WF-B4: Create A Claim-To-Evidence Map For Public Docs¶

Problem: public docs should make it obvious which claims are supported by deterministic tests, which need prepared-host evidence, and which are intentionally non-goals.

Scope:

Add a claim-to-evidence map in docs.
Classify claims as checkout-tested, fixture-tested, prepared-host smoke-tested, release-gated, deferred, or unsupported.
Link claims to commands, artifacts, tests, docs pages, and known limitations.
Include non-claims for physical fidelity, robot safety certification, upstream SLA ownership, and service-grade persistence.

Out of scope:

No new benchmark numbers.
No broader marketing language.
No change to provider capability flags.

Acceptance criteria:

[ ] Every README-level capability claim has a corresponding evidence class.
[ ] Unsupported or deferred claims are visible and specific.
[ ] Docs route users to preserved artifacts or commands instead of vague confidence language.
[ ] MkDocs strict build passes with nav and SUMMARY synchronized.

Validation:

uv run mkdocs build --strict
uv run pytest tests/test_docs_site.py

WF-B5: Generate Reproducible Evaluation Evidence Bundles¶

Problem: release and issue triage need a single evidence bundle that gathers reports, manifests, commands, budgets, fixture digests, and skip reasons.

Scope:

Add a command or script that creates an evaluation evidence directory from selected runs.
Include JSON and Markdown summaries, copied input fixtures, budget files, run manifests, event logs, and a manifest of bundle contents.
Redact or reject unsafe artifacts by default.
Keep bundle generation deterministic and credential-free for checkout-safe runs.

Out of scope:

No artifact upload service.
No live provider execution unless explicitly requested by the host.
No inclusion of raw secrets, signed URLs, raw tensors, or large binary outputs by default.

Acceptance criteria:

[ ] Bundle generation succeeds for mock eval and benchmark runs in a clean checkout.
[ ] Bundle manifest includes file digests and safe-to-attach flags.
[ ] Unsafe or local-only artifacts are excluded or clearly marked.
[ ] Release evidence can link to the generated bundle.

Validation:

uv run pytest tests/test_evidence_bundle.py tests/test_harness_workspace.py tests/test_observability.py
uv run mkdocs build --strict

WF-B6: Calibrate Benchmark Budgets From Preserved Baselines¶

Problem: budgets are useful only when they are calibrated from preserved baselines and updated through an explicit review path.

Scope:

Add a workflow for generating candidate budgets from preserved benchmark reports.
Store baseline context: machine class if available, Python version, command, provider, operation, sample count, and fixture digest.
Require human review before replacing release budget files.
Document when budget changes are allowed.

Out of scope:

No automatic weakening of release gates.
No machine-independent performance claims from local runs.
No flaky live-provider budget in default CI.

Acceptance criteria:

[ ] Candidate budget generation records source report digests.
[ ] Budget diffs show old threshold, candidate threshold, observed baseline, and rationale field.
[ ] Docs require review for threshold loosening.
[ ] Existing budget failure behavior remains non-zero.

Validation:

uv run pytest tests/test_benchmark.py tests/test_benchmark_budget_calibration.py
uv run mkdocs build --strict

WF-B7: Add Failure-Case Galleries For Evaluation Suites¶

Problem: aggregate scores hide what failed.
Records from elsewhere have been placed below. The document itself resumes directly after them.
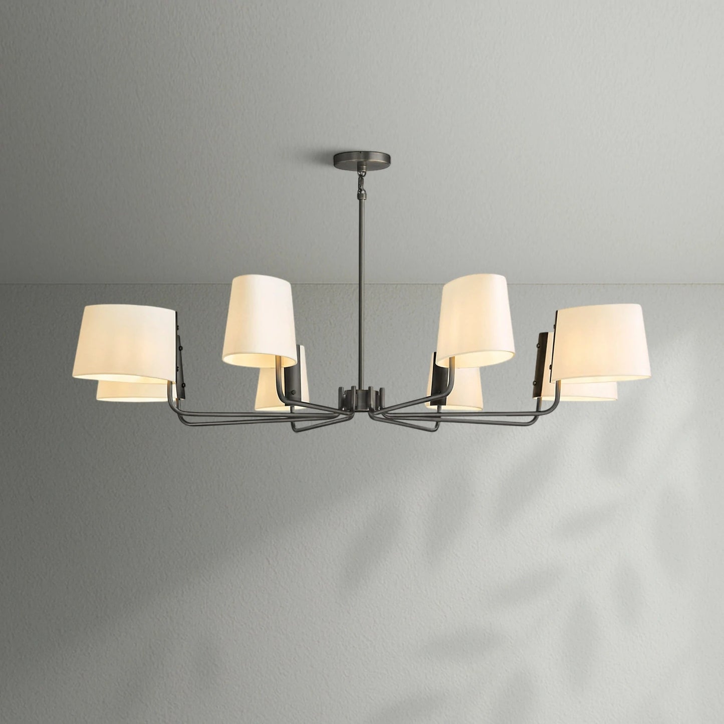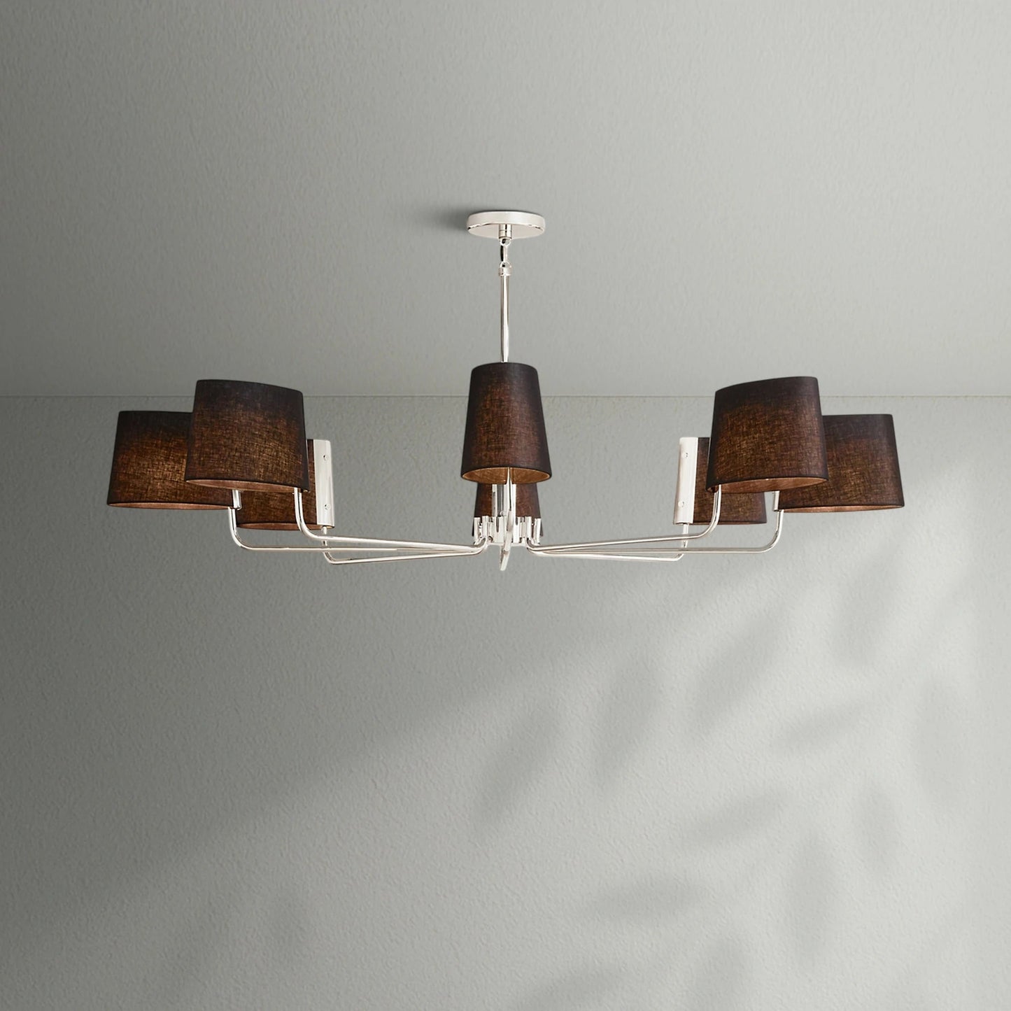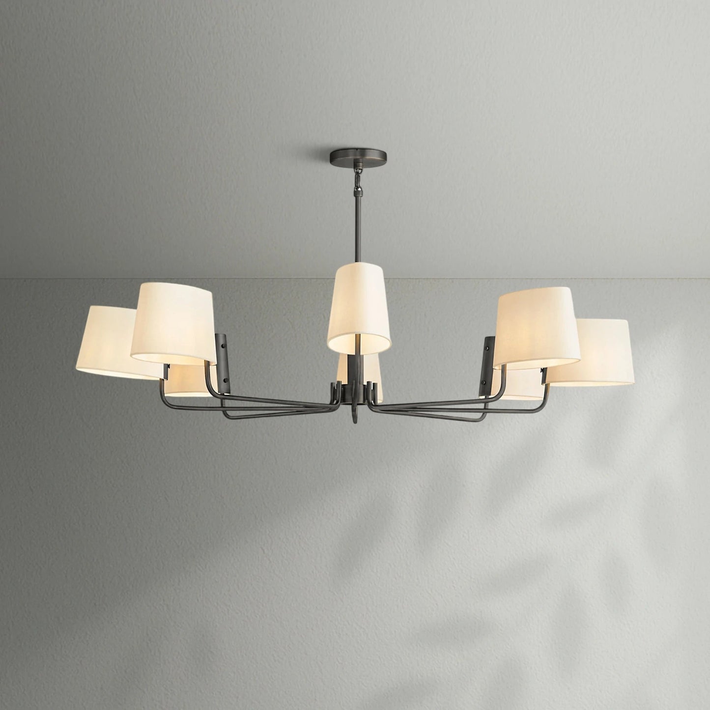 Designer looked to French designs of the 1940s and 50s for this lyrical collection, a minimalist meditation on form and function. Slender brass rods reminiscent of line drawings bend upward to showcase oval linen shades. The overall effect is one of restrained Classicism.
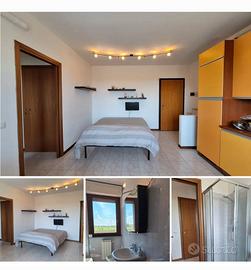 L'abitazione si sviluppa in un unico ambiente luminoso, ampia zona giorno con cucina attrezzata con accesso al balcone, perfetto per uno spazio aggiuntivo. La zona notte viene separata dall'ambiente giorno dal letto matrimoniale.
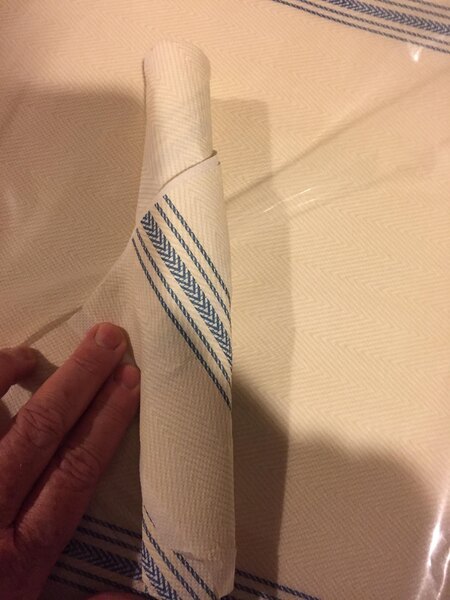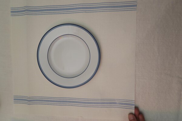 The Hoffmaster FP1313 FashnPoint 15 1/2" x 15 1/2" White/Blue Linen-Feel Flat Pack Ultra-Ply Dishtowel Print Napkin is a high quality dinner napkin suitable for nice casual events and settings. The flat pack makes it easy to fold or roll these over silverware.

Users need representative failure cases that show input, expected contract, observed result, and triage steps.

Scope:

Add failure-case gallery generation for deterministic evaluation suites.
Include compact examples for physics, planning, reasoning, generation, transfer, score, and policy where applicable.
Keep examples sanitized and small.
Document how to use galleries when filing issues or reviewing provider changes.

Out of scope:

No visual-heavy dashboard.
No large media corpus.
No provider quality ranking from synthetic failures.

Acceptance criteria:

[ ] Failed evaluation reports include representative cases with fixture IDs and expected contract notes.
[ ] Galleries are exported as JSON and Markdown.
[ ] Reports avoid raw secrets, signed URLs, raw tensors, and host-local paths.
[ ] Docs explain that galleries are deterministic contract triage, not fidelity claims.

Validation:

uv run pytest tests/test_evaluation_suites.py tests/test_evaluation_failure_gallery.py
uv run mkdocs build --strict

WF-B8: Add Cross-Provider Comparison Reports¶

Problem: users need to compare preserved runs across providers and capabilities without confusing capability mismatch with performance or quality.

Scope:

Extend run comparison to group by provider, capability, operation, fixture digest, budget, and suite version.
Refuse incompatible comparisons with explicit errors.
Export JSON, Markdown, and CSV reports suitable for issue attachments.
Surface missing evidence and skip reasons instead of silently omitting providers.

Out of scope:

No public leaderboard.
No ranking across different tasks or capabilities.
No live provider execution by default.

Acceptance criteria:

[ ] Compatible runs compare with provenance, metric deltas, event counts, and budget status.
[ ] Incompatible runs fail with provider/capability/fixture mismatch details.
[ ] Markdown output includes claim-boundary language.
[ ] Harness and CLI comparison paths use the same underlying report model.

Validation:

uv run pytest tests/test_harness_report_compare.py tests/test_benchmark.py tests/test_evaluation_suites.py
uv run mkdocs build --strict

Stream C: Operator Workflow And Adapter Authoring¶

Meta tracker: WF-C0: Operator Workflow And Adapter Authoring.

Goal: make WorldForge easier to operate and extend without hiding complexity. Contributors should have a clear path from provider idea to selection record, scaffold, tests, docs, smoke evidence, and issue-ready artifacts. Operators should be able to diagnose local runs without reading source.

Exit signal:

Adapter authors can generate a scaffold with runtime manifest, docs stub, fixtures, tests, and workbench checks.
Operators can export a sanitized issue bundle from a failed run.
The harness and CLI expose the same operational workflows and recovery commands.
Contributor triage, labels, and release labels match the roadmap streams.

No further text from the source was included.